G.T.Smith 写道:
I think you are rather hoping you can set it up and leave it.... if people start using it and it becomes popular they will need support and unless you have plenty of time it will be wise to consider who has access, how you monitor that access, how you stop the resource being compromised (security), and how you are going to assist the user community.
Unfortunately (for me) G. T. Smith said the truth: I even didn't realize myself that I was thinking how to save MY time doing this. I always want to have students who are interested to help administration, hoping that would reduce the work. This small project have little funds and we need to use existing resource. I googled a lot and found I am outdated: FTP protocol can do encoding conversion. There is a new RFC2640 specified how to do this. I think vsftpd can save me a lot of maintenance for being secure and simple, but I found vsftp does not follow this RFC. After I read the RFC I go to vsftpd source, features.c and add one line of code to make it complaint with the new RFC (so much of goodness of opensource). So now if Windows user use standard complaint FTP client (FileZilla or smartftp, later I didn't test only heard of), they can get the filenames in correct encoding. Security: as long as the server is not compromised, the file integrity is not my concern, because other campus services also have this problem (integrity) for years and they even offering .exe file for downloading (from a Windows server, oh, let's just hope they have patched everything), here I only got audio files, I am sure there will not be so much compliance. The solution would be offering vsftpd server as well as NFS client. Most users will only use FTP, so I guess it's easy to control access (plenty of options in vsftpd.conf for controlling access). The Linux library and laboratory computers can use NFS share. I am pretty sure NFS share will not be a traffic problem because Linux users are still only a very very small percentage.
There are other issues, your network support people may not be too happy if your archive stuffs the network if it gets popular, you may need to look into things like multi-casting and QoS with them. You may and your users may not be to happy if it the server collapses under the load. Your solution needs to take into account how many people are expected to use the resource, how often, and from where. While 100G may not seem a lot, 100 people accessing 100G is an awful lot of data moving around wires.

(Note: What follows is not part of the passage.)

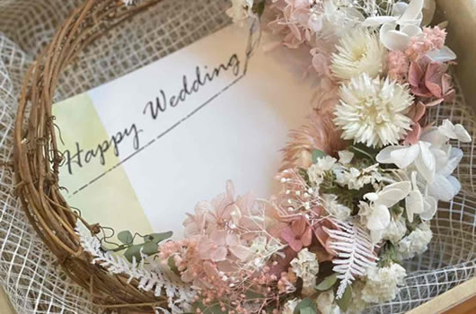 祝福の気持ちをメッセージに込めて フラワーアイテムや祝電は参列ができない場合はもちろん、参加するゲストや両家とのつなが...

I am thinking about possible solutions:
1. FTP -> can handle heavy load, can do bath upload, not random-accessible, auto-charset conversion not supported;
Hmm. usually hard work for the user. PUTTY in the Windows world does offer a fairly simply command interface. Using cygwin on windows machines to setup the machines up as a X terminal is a further route.
2. apache -> batch download not easy for users, handle charset conversion nicely, not random access
Web is really down to how you setup the web access, it is up to you how easy for the users to access the data and how it is presented. External access becomes a viable option. Plenty of search options, and support pages can be setup. Probably easiest solution because you will have minimal security concerns, and only one thing to look after.
3. NFS -> I don't know any free-as-in-beer Windows client software for it and I don't know if that client software can do charset conversion; for Linux clients it's perfect;
NFS within a university environment is a security no-brainer. I believe NFS can be made to work under cygwin though I have not tried this myself.
4. Samba -> I don't know if charset conversion is easy with it. If a SuSE client connects to it, can suse client select which charset to use without forcing user to use commandline? And how about windows, can windows connect to the samba share and do charset conversion automatically?
For raw file store access within the institution is OK. External access usually a no-no. Sorting out authentication may be an interesting experience if you are within an AD environment. Samba performs most of things a domain server, you can set up the server end to use specific character sets but the interaction with client may a bit odd if client is configured for something different.
5. DC++ -> looks very nice for charset conversion, I also tried it, nice. But I don't know if there are Linux server-end software. Need to check.
If it is peer to peer access is what is required e-Mule/e-Donkey is another option, and there are other options. Personally do not use and do not recommend P2P, security is down to the weakest link and P2P is somewhat like unprotected sex... you never no what you are going to catch. P2P solutions do need careful thought about security.
I am thinking perhaps combine two solutions together might be the best, e.g. setting up FTP server for Windows users and set up NFS server for Linux users. Still I am not sure what's the best solution, and there might be better solutions than what I listed that I never heard of.
* In all above discussion "charset conversion" means charset conversion for file names, not the content. Content is in mp3/ogg format.
Thanks for any comments!
The thing to remember in the University environment you have a lot of talented individuals, and will regard any shared resource as fair game to so you need to think paranoid. It may be a war zone in the outside internet world but it can be like living in the middle of armageddon within a University.